EXERCISE DATA –
*** Block opens ***

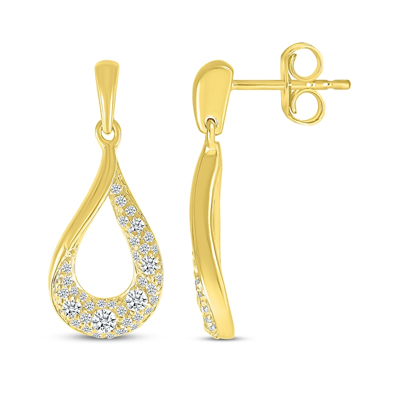 - Diamond Cobblestone Twist Teardrop Dangle Earrings 1/2 ct tw Yellow Gold Plated
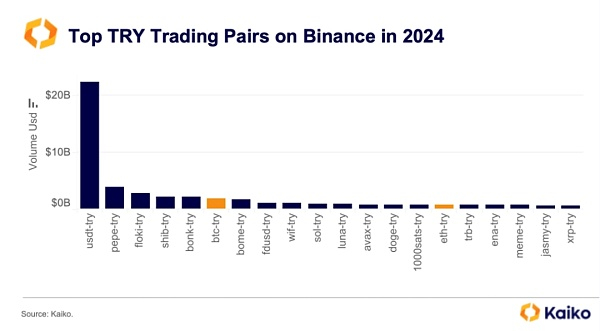 5、稳定币规模扩大:由于土耳其的通胀环境,稳定币的使用量大幅增加。2024年,USDT-TRY是Binance上交易量最大的交易对,超过了220亿美元。
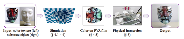 美国哥伦比亚大学及浙江大学的组合研究研究团队近日开发出一种解决方案,可以确保用户通过水转印将图案准确地印制在3D对象的表面。这一解决方法通过计算机将最终希望印制的3D对象表面效果拉伸成平面,然后将拉伸后的图案印制在薄膜上;随后用这个薄膜对3D对象进行水转印。
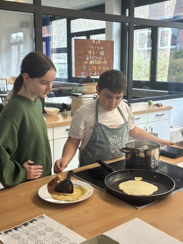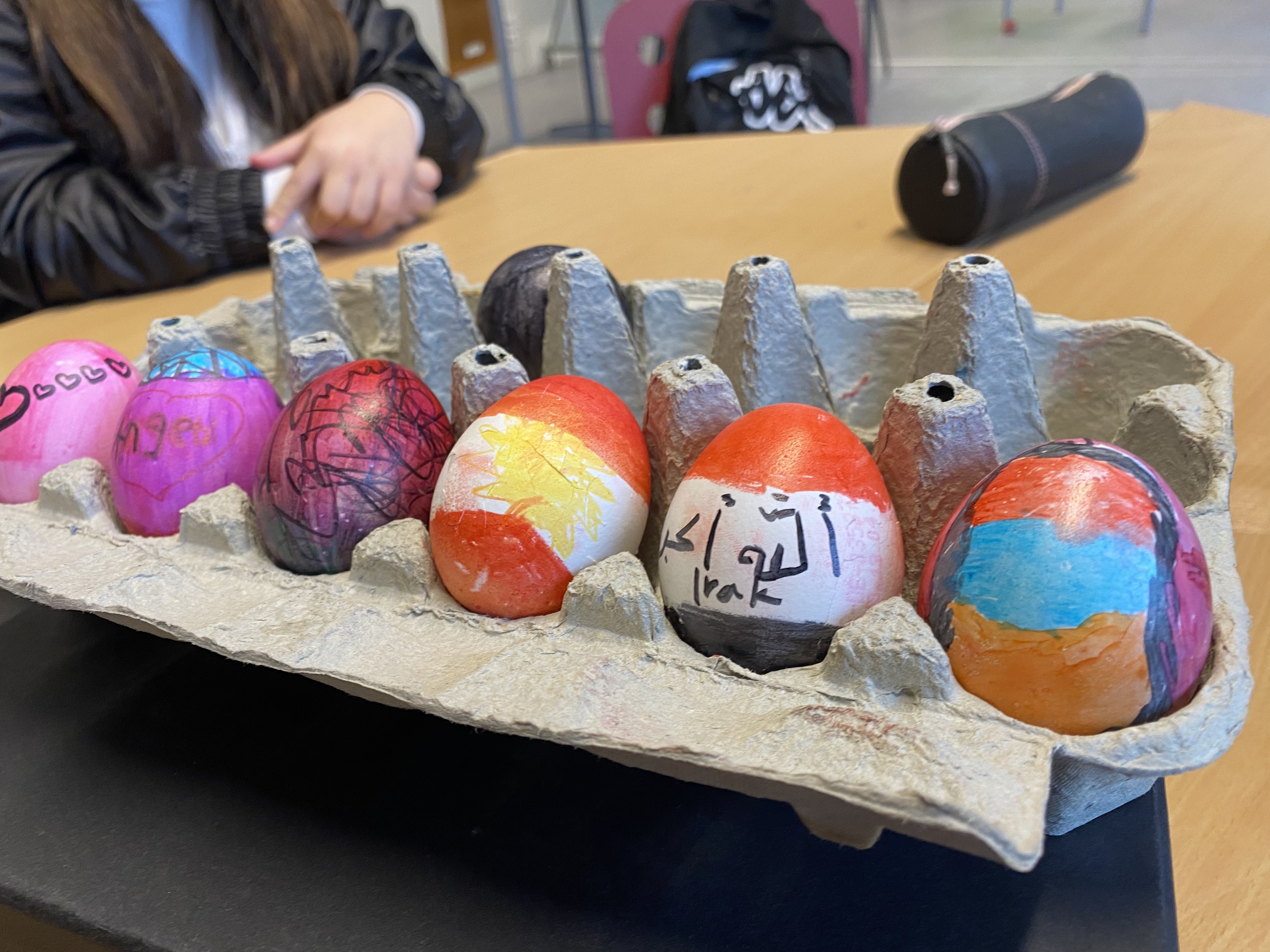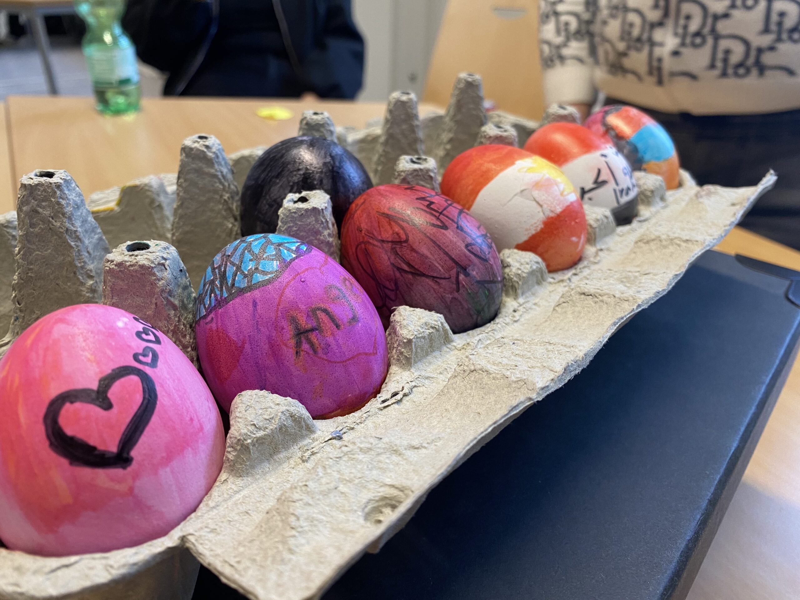 Auch in der darauffolgenden Woche wurde es in der DAZ-Gruppe kreativ und frühlingshaft: Passend zur Osterzeit wurde gemeinsam gebacken, Eier wurden gekocht und anschließend bunt bemalt. Ein besonderes Highlight war zudem, dass der Osterhase auf unserem Schulhof kleine Schokoladenüberraschungen versteckt hatte, die von den Schülerinnen und Schülern mit großer Begeisterung gesucht und gefunden wurden.
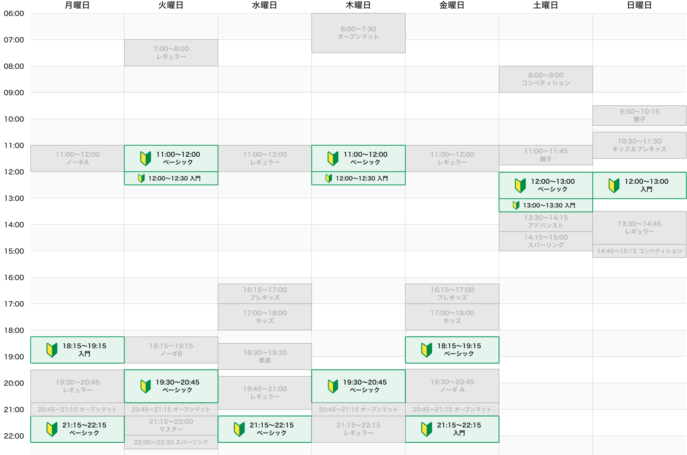 トライフォースのブラジリアン柔術クラスには、以下の5種類があります。
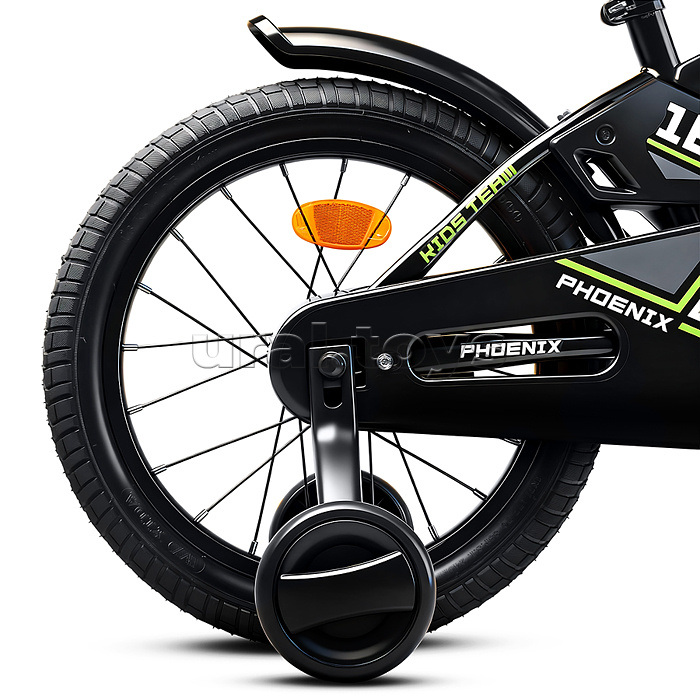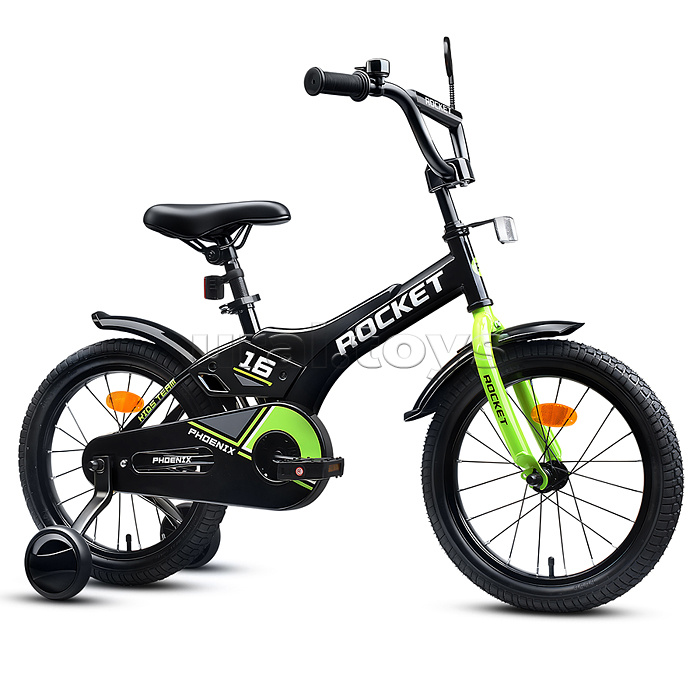 • Отлично держит дорогу за счет резиновых надувных колес, размером 16 дюймов. • В комплекте имеются дополнительные учебные колёса и звонок на руль. • Сиденье из ПВХ можно регулировать по высоте (52-62 см.) • Металлические брызговики защитят маленького велосипедиста от загрязнений. • Велосипед оснащен задним ножным тормозом. • Ширина руля: 50 см, оснащен противоскользящими прорезиненными ручками. • Велосипед подходит для детей 5-7 лет, ростом от 110 до 125 см. • Габаритные размеры велосипеда: 110 х 54 х 78 см. • Максимальная нагрузка: 50 кг. • Вес велосипеда без упаковки: 9 кг. • Рама: сталь. • Вынос: резьбовой. • Вилка: жесткая стальная. • Покрышки: 2,125.
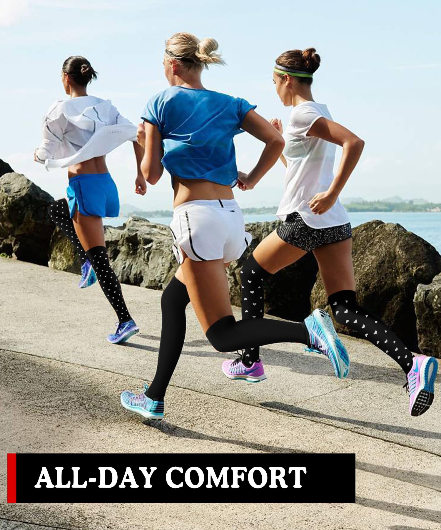 🆕【ENERGIZE YOUR LEGS】-- Compression socks have been shown to help decrease swelling and pain in the legs and ankles. Graduated compressions' whole purpose is to increase circulation, thus improving energy levels in the body. Another benefit of improving circulation is decreasing swelling and fluid retention. Increased circulation decreases swelling and increases blood flow, this reduces the feeling of heavy and achy legs.
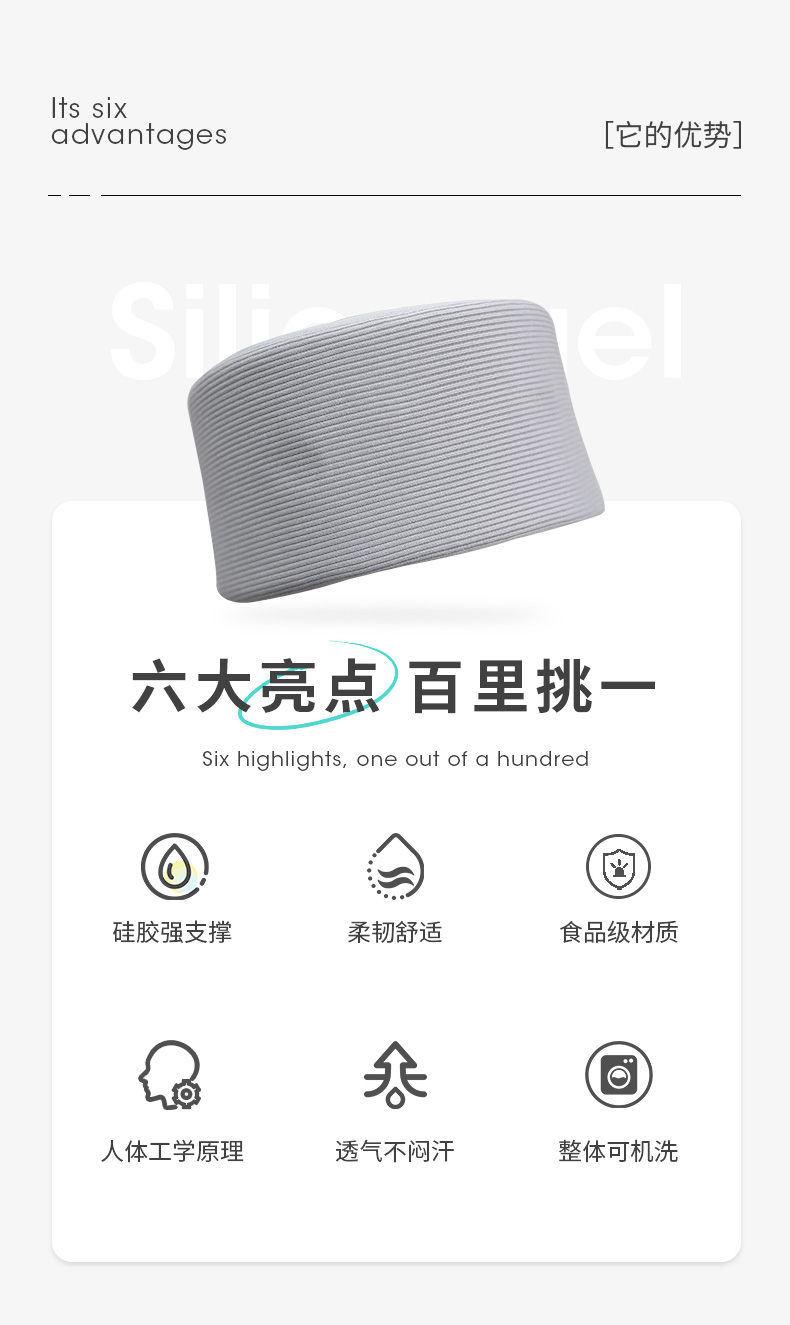 | 【产品名称】:硅胶护颈脖套 【泰国品牌】:TAIHI泰嗨 【产品型号】:THGJBT01-S/M/L 【产品材质】:食品级硅胶 【产品面料】:95%聚酯纤维+5%氨纶 【产品颜色】:灰色 【产品尺寸】:S M L 【产品包装】:精美包装袋 【适用季节】:四季 【产品卖点】:告别低头族 立体支撑 呵护颈椎 食品级硅胶内芯 整体可洗 透气舒适不长霉,居家,办公,旅行神器 |

*** Block closes ***

WORK TASK – Repeat the material above word for word; no images go in the copy.

ANSWER TO THIS EXERCISE –
 - Diamond Cobblestone Twist Teardrop Dangle Earrings 1/2 ct tw Yellow Gold Plated
 5、稳定币规模扩大:由于土耳其的通胀环境,稳定币的使用量大幅增加。2024年,USDT-TRY是Binance上交易量最大的交易对,超过了220亿美元。
 美国哥伦比亚大学及浙江大学的组合研究研究团队近日开发出一种解决方案,可以确保用户通过水转印将图案准确地印制在3D对象的表面。这一解决方法通过计算机将最终希望印制的3D对象表面效果拉伸成平面,然后将拉伸后的图案印制在薄膜上;随后用这个薄膜对3D对象进行水转印。
 Auch in der darauffolgenden Woche wurde es in der DAZ-Gruppe kreativ und frühlingshaft: Passend zur Osterzeit wurde gemeinsam gebacken, Eier wurden gekocht und anschließend bunt bemalt. Ein besonderes Highlight war zudem, dass der Osterhase auf unserem Schulhof kleine Schokoladenüberraschungen versteckt hatte, die von den Schülerinnen und Schülern mit großer Begeisterung gesucht und gefunden wurden.
 トライフォースのブラジリアン柔術クラスには、以下の5種類があります。
 • Отлично держит дорогу за счет резиновых надувных колес, размером 16 дюймов. • В комплекте имеются дополнительные учебные колёса и звонок на руль. • Сиденье из ПВХ можно регулировать по высоте (52-62 см.) • Металлические брызговики защитят маленького велосипедиста от загрязнений. • Велосипед оснащен задним ножным тормозом. • Ширина руля: 50 см, оснащен противоскользящими прорезиненными ручками. • Велосипед подходит для детей 5-7 лет, ростом от 110 до 125 см. • Габаритные размеры велосипеда: 110 х 54 х 78 см. • Максимальная нагрузка: 50 кг. • Вес велосипеда без упаковки: 9 кг. • Рама: сталь. • Вынос: резьбовой. • Вилка: жесткая стальная. • Покрышки: 2,125.
 🆕【ENERGIZE YOUR LEGS】-- Compression socks have been shown to help decrease swelling and pain in the legs and ankles. Graduated compressions' whole purpose is to increase circulation, thus improving energy levels in the body. Another benefit of improving circulation is decreasing swelling and fluid retention. Increased circulation decreases swelling and increases blood flow, this reduces the feeling of heavy and achy legs.
 | 【产品名称】:硅胶护颈脖套 【泰国品牌】:TAIHI泰嗨 【产品型号】:THGJBT01-S/M/L 【产品材质】:食品级硅胶 【产品面料】:95%聚酯纤维+5%氨纶 【产品颜色】:灰色 【产品尺寸】:S M L 【产品包装】:精美包装袋 【适用季节】:四季 【产品卖点】:告别低头族 立体支撑 呵护颈椎 食品级硅胶内芯 整体可洗 透气舒适不长霉,居家,办公,旅行神器 |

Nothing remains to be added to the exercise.